BEGIN SOURCE INFORMATION
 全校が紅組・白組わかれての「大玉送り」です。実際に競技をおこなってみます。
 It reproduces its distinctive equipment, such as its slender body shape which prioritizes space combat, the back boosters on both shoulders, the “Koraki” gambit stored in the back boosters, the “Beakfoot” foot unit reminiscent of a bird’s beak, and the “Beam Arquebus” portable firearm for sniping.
END SOURCE INFORMATION
BEGIN SOURCE INFORMATION
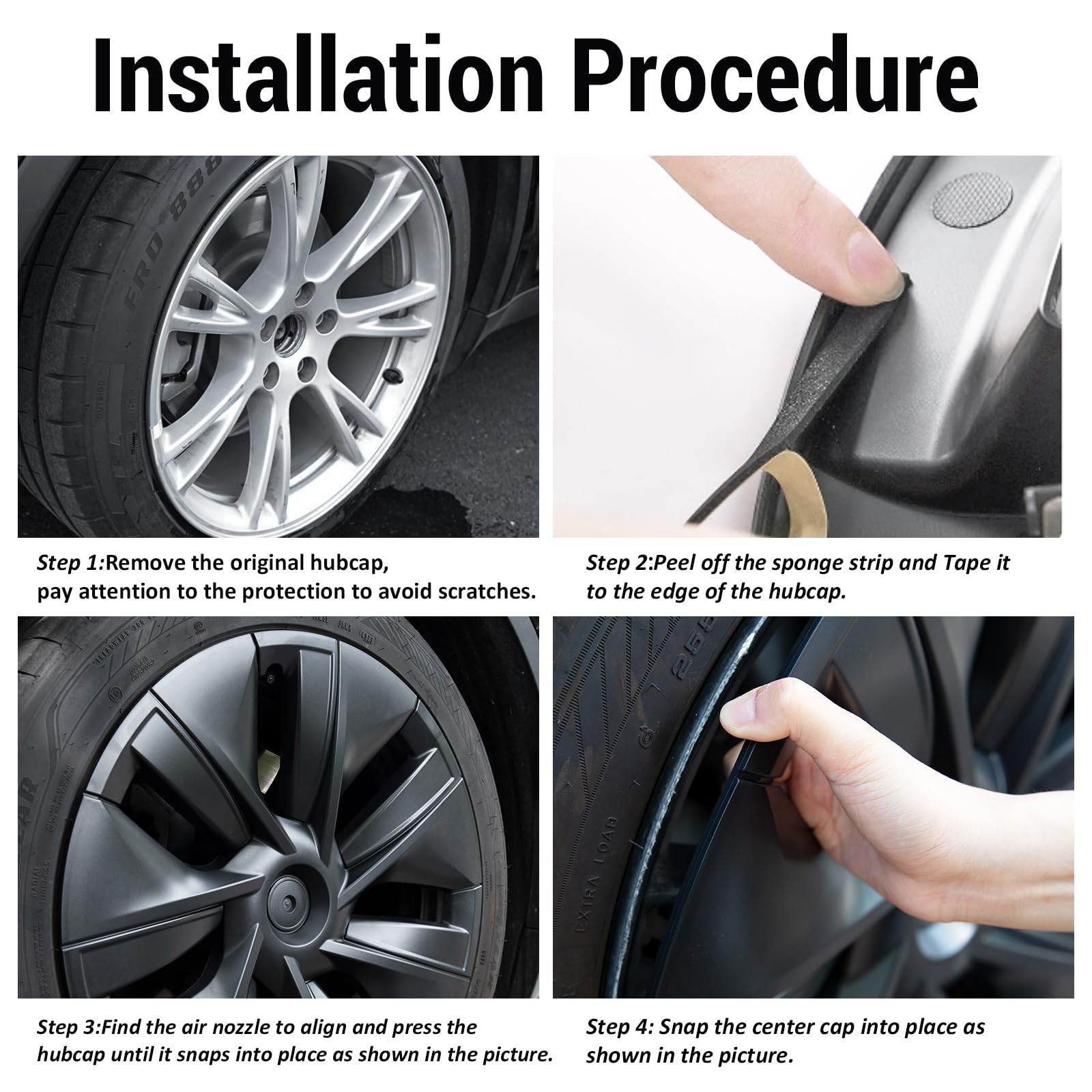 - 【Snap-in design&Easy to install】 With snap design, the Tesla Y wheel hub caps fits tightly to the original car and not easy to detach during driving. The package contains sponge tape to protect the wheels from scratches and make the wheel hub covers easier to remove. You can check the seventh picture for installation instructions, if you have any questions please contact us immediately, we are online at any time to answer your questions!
END SOURCE INFORMATION
BEGIN SOURCE INFORMATION
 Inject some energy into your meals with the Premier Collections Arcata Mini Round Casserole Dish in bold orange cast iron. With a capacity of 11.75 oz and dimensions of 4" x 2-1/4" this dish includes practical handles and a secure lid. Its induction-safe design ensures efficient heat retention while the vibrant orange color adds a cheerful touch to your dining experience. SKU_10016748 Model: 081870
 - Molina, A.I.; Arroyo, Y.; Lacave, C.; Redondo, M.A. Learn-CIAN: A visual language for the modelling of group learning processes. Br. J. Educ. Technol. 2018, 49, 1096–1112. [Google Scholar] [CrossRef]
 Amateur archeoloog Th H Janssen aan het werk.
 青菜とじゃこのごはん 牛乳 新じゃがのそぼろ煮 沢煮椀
END SOURCE INFORMATION
WHAT YOU HAVE TO DO |
From the listing above, repeat exactly the lines starting at the line that includes "全校が紅組・白組わかれての「大玉送り」です。実際に競技をおこなってみます。" and ending at the line that includes "It reproduces its", with nothing outside that span.

REPLY |
 全校が紅組・白組わかれての「大玉送り」です。実際に競技をおこなってみます。
 It reproduces its distinctive equipment, such as its slender body shape which prioritizes space combat, the back boosters on both shoulders, the “Koraki” gambit stored in the back boosters, the “Beakfoot” foot unit reminiscent of a bird’s beak, and the “Beam Arquebus” portable firearm for sniping.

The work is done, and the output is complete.